Element List Amount Percentage of the capital (%)
Profit (Losses) Resulting From The Change In Investment Propertie’s Fair Value
All figures are in (Actual) Saudi Arabia, Riyals

 

Element List Explanation
The reason of the increase (decrease) in the sales/ revenues during the current quarter compared to the same quarter of the last year is The increase in revenue during the current quarter by 15% compared to the same quarter of the previous year is mainly due to the increase in the number of students enrolled in the company’s schools by 10% from 31.9 thousand students in the same quarter of the previous year to 35.1 thousand students during the current quarter. 

 

It is worth noting that, the revenue recognized for the current quarter of this year was calculated based on 90 days out of the total 314 days of the 2025/2026 academic year, compared to the same quarter of the previous year, which was calculated based on 90 days out of the total 321 days of the 2024/2025 academic year.

The reason of the increase (decrease) in the net profit during the current quarter compared to the same quarter of the last year is The increase in net profit during the current quarter by 18% compared to the same quarter of the previous year is due to the growth in revenue for the current quarter by 15% compared to the same quarter of the previous year. 

 

Financing costs also increased during the current quarter compared to the same quarter of the previous year. The increase was driven by borrowings used to finance part of the purchase cost of Al-Rabie District land in Riyadh and North Obhur District land in Jeddah, in addition to the impact of the land lease contract related to Dhahrat Laban project in progress in Riyadh.

 

It is worth noting that, the revenue recognized for the current quarter of this year was calculated based on 90 days out of the total 314 days of the 2025/2026 academic year, compared to the same quarter of the previous year, which was calculated based on 90 days out of the total 321 days of the 2024/2025 academic year, which positively impacted the growth rate of net profit for the current quarter.

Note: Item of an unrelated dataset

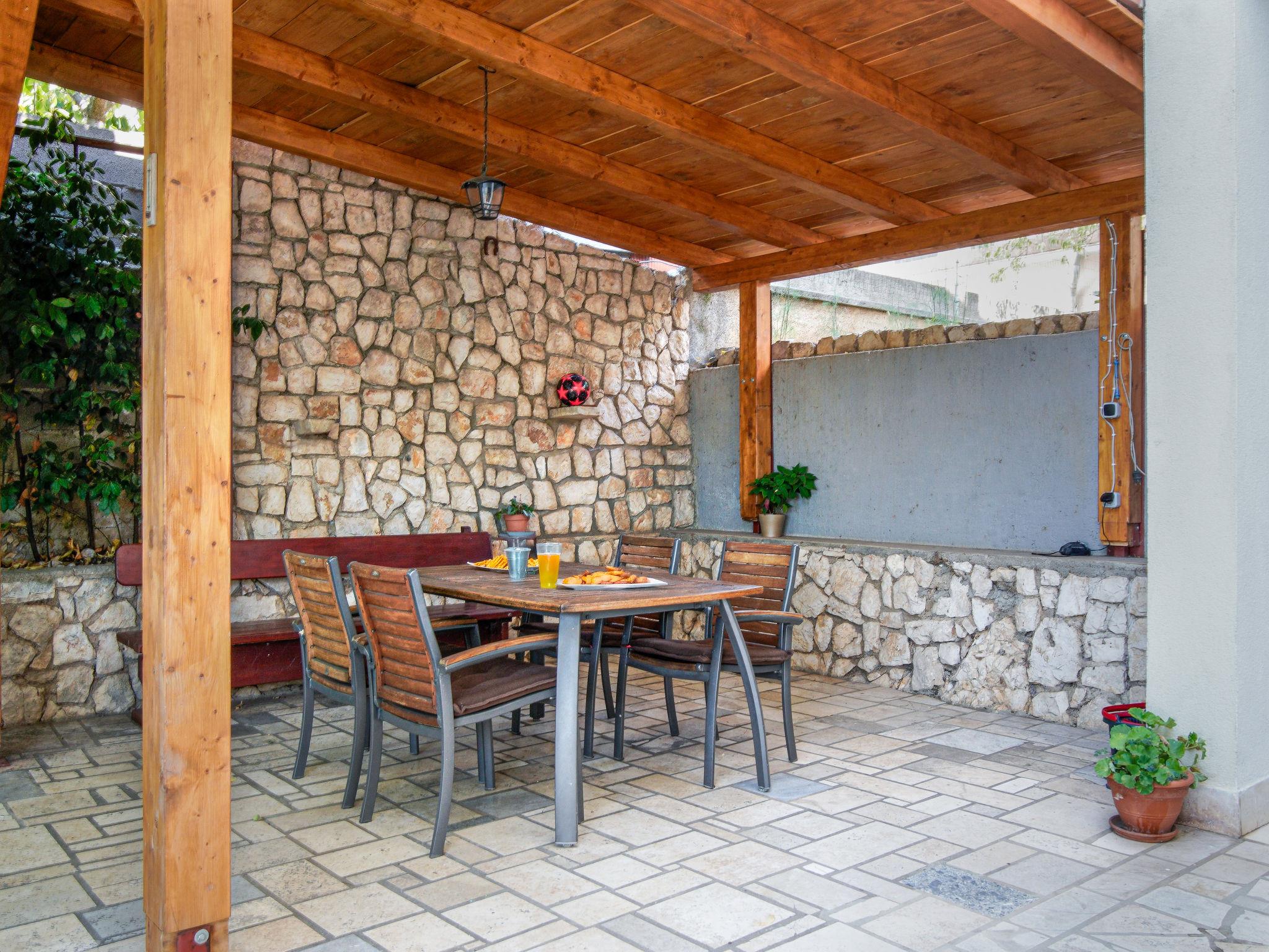Apartment house "Šmit". 1.5 km from the centre of Novi Vinodolski, in a sunny position, 2 km from the sea, 2 km from the beach. Private: property 300 m2 (fenced), garden 100 m2 with wildlife garden. Arbour (20 m2), garden furniture, barbecue. In the house: internet access, air conditioning. Parking at the house on the premises. Shop 200 m, restaurant 500 m, bus stop 800 m, shingle beach 2 km.

The reason of the increase (decrease) in the sales/ revenues during the current quarter compared to the previous one is The increase in revenue during the current quarter by 15% compared to the previous quarter is due to the difference in the number of days recognized for revenue between the two periods; revenue for the current quarter was recognized based on 90 days out of the total 314 days of the 2025/2026 academic year, whereas revenue for the previous quarter was recognized based on 79 days out of the total days of the same academic year.
The reason of the increase (decrease) in the net profit (loss) during the current quarter compared to the previous one is The increase in net profit during the current quarter by 83% compared to the previous quarter is due to the growth in revenue by 15%, resulting from the difference in the number of days recognized for tuition-fees revenue between the two periods. In addition, advertising and marketing expenses decreased during the current quarter, as the previous quarter included the marketing campaign expenses related to the enrolment for the beginning of the academic year.
The reason of the increase (decrease) in the sales/ revenues during the current period compared to the same period of the last year is The increase in revenue during the current period by 11% compared to the same period of the previous year is mainly due to the increase in the number of students enrolled in the company’s schools by 10% from 31.9 thousand students in the same period of the previous year to 35.1 thousand students during the current period. 

 

However, revenue growth was impacted by the difference in the number of days recognized for revenue between the two periods; revenue for the current period was recognized based on 169 days out of the total 314 days of the 2025/2026 academic year, whereas revenue for the same period of the previous year was recognized based on 175 days out of the total 321 days of the 2024/2025 academic year. This variance resulted from differences in the academic year start dates and the total number of school days in each period, which reduced the positive impact of the increase in student enrollment on the revenue growth rate.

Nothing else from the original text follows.